Saurorictus Temporal range: Late Permian, 260.5–255 Ma PreꞒ Ꞓ O S D C P T J K Pg N

Scientific classification
- Domain: Eukaryota
- Kingdom: Animalia
- Phylum: Chordata
- Class: Reptilia
- Family: †Captorhinidae
- Genus: †Saurorictus Modesto & Smith, 2001
- Species: †S. australis
- Binomial name: †Saurorictus australis Modesto & Smith, 2001

= Saurorictus =

- Genus: Saurorictus
- Species: australis
- Authority: Modesto & Smith, 2001
- Parent authority: Modesto & Smith, 2001

Extinct genus of tetrapods

Saurorictus is an extinct genus of Late Permian captorhinid known from Western Cape Province of South Africa.

==Description==
Saurorictus is known from the holotype SAM PK-8666, three-dimensionally preserved nearly complete skull and few postcranial fragments. The skull has a length of 22 millimeters, thus Saurorictus has been estimated to have been about 15 cm in length. This specimen represents one of the most complete captorhinid from the Late Permian.

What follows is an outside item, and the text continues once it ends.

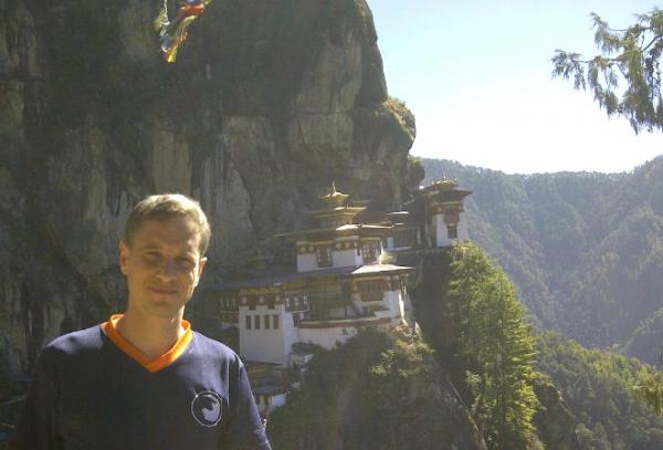Jean-Yves in front of a monastery in Bhutan (9th November 2013).
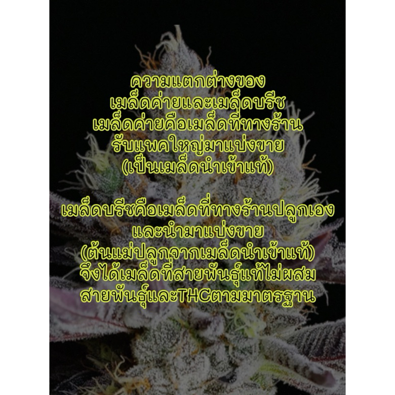 ... ม่ตก 🌳รับประกันของแท้ 100% ไม่ตรงปกยินดีคืนเงิน🌳 ✅✅เมล็ดไม่งอก เครมให้ใหม่ฟรีทั้งชุด+ปุ๋ย✅✅ ♥️สิ่งที่จะได้รับ♥️ ⏩ มีใบวิธีการปลูกให้แบบละเอียด⏪ ⏩เมล็ดบรีชจากค่ายแท้ไม่ผสมสายพันธุ์ไทย⏪ ⏩ทุกคำสั่งซื้อแถมฟรีปุ๋ยฮอร์โมนควบคุมเพศเมีย⏪ (ขนาดทดลอง) รับประกันการจัดส่ง หากเสียหายเครมให้ใหม่ทันที‼️(ถ่ายวีดีโอตอนแกะ) ♦️สินค้าแท้100% เมล็ดใหม่สดไม่ค้างเกิน1เดือน♦️ เก็บรักษาด้วยอุณหภูมิคงที่และเหมาะสม (ปกติจะขายหมดภายในไม่เกิน2อาทิตย์) ♠️อุปกรณ์สำหรับเตรียมการปลูก♠️ 1.แก้วชาไข่มุกที่มีฝากปิด เมล็ดเราสายพันธุ์นอกจึงแนะนำปลูกในระบบปิด (ฉีดน้ำให้ชุ่มชื้น ห้ามแฉะเมล็ดจะเน่าเสียได้) (ไม่แนะนำให้ปลูกในกระถางหรือวัสดุอย่างอื่น) 2.ปุ๋ยน้ำสูตรสำหรับเมล็ด(ทางร้านมีจำหน่ายสามารถใช้ได้ทั้งแช่เมล็ดและผสมน้ำรดจนต้นทำดอก เร่งโต ช่วยควบคุมเพศเมีย เพิ่มผลผลิต ดอก ใบ ลำต้นใหญ่) 3.ดินสูตรเฉพาะหรือพีชมอสจะดีที่สุด (ไม่แนะนำดินทั่วไปเพราะไม่มีสารอาหารเพียงพอและอาจแน่นเกินไปทำให้ไม่มีออกซิเจนทำให้รากเน่าหรือเมล็ดไม่งอก) ทางร้านมีจำหน่ายถึง5สูตร ตั่งแต่สูตรเพาะเมล็ดจนถึงทำดอก ♦️วิธีการเตรียมการปลูก♦️ 1.นำเมล็ดแช่น้ำเปล่า1-2วัน(แช่ปุ๋ยน้ำเร่งแช่เพียง1วันห้ามเกิน) 2.นำเมล็ดที่แช่คบแล้วนำลงไปปลูกในดินได้เลยการแช่น้ำเพื่อให้เมล็ดอิ่มตัวเพียงเท่านั้นเมล็ดจะไปงอกในดิน กดเมล็ดลงไปไม่ต้องลึกมาก‼️ห้ามบ่มในทิชชู่เด็ดขาดเพราะมันอาจจะเน่าเสีย‼️ 3.ฉีดน้ำให้ชุ่มชื้น แต่ห้ามแฉะ และปิดฝาให้สนิทนำวางไว้ในที่โดนแสงอ่อนๆ ไม่แนะนำให้วางกลางแจ้งเพราะอาจจะร้อนเกินไป 4.หลังจากนั้นคอยเช็คดูอย่างต่อเนื่องว่าดินในแก้วที่ใช้ปลูกนั้นแห้งแฉะเกินไปหรือไม่(แนะนำให้รดน้ำทุก 3 หรือ 5 วันหากให้ดีต้องเป็นน้ำที่ผสมปุ๋ยสูตรเฉพาะจะทำให้ต้นโตไวขึ้น) 5.เมื่อต้นสูงได้ประมาณ 10 cm แล้วหรือประมาณชุดใบที่ 5 ขึ้นไปให้ลูกค้าย้ายลงกระถางได้เลย หากรดน้ำเปล่าให้ลด1 ถึง 2 วันครั้ง หากลดด้วยน้ำที่ผสมปุ๋ยสูตรเฉพาะ 3-5 วันต่อครั้ง ♣️ประเภทของเมล็ด♣️ ข้อดีของออโต้♠️ Auto = Auto (เติบโตและทำดอกได้เอง) โดยไม่สนใจช่วงแสง ว่าจะมากหรือน้อย โดยปกติ ช่วงเวลาทำใบจะอยู่ที่ 30-35 วัน และทำดอกอีก 2-3เดือน Photo♥️ โฟโต้ = Photoperiod ต้นใหญ่ แข็งแรง ไวแสง เติบโตตามช่วงแสง แสงมากต้นจะทำใบ แสงน้อย( 12 ชม.ต่อวัน ) ต้นจะเริ่มทำดอก เหมาะกับการปลูก outdoor

It was collected from the Hoedemaker Member, Teekloof Formation of the lower Beaufort Group, dating to the early-middle Wuchiapingian stage (or alternatively middle Tatarian stage) of the early Lopingian Series, about 260.5-255 million years ago. It was found in the Leeukloof 43 farm in the Beaufort West District of the Western Cape Province and referred to the Tropidostoma Assemblage Zone.

==Etymology==
Saurorictus was first named by Sean P. Modesto and Roger M. H. Smith in 2001 and the type species is Saurorictus australis. The generic name is derived from sauros, Greek for "lizard", and rictus, Latin for "display of teeth" or "smile", thus the meaning is "lizard-smile". The specific name australis, meaning "southern", refers to the fact that this is the southernmost captorhinid to date.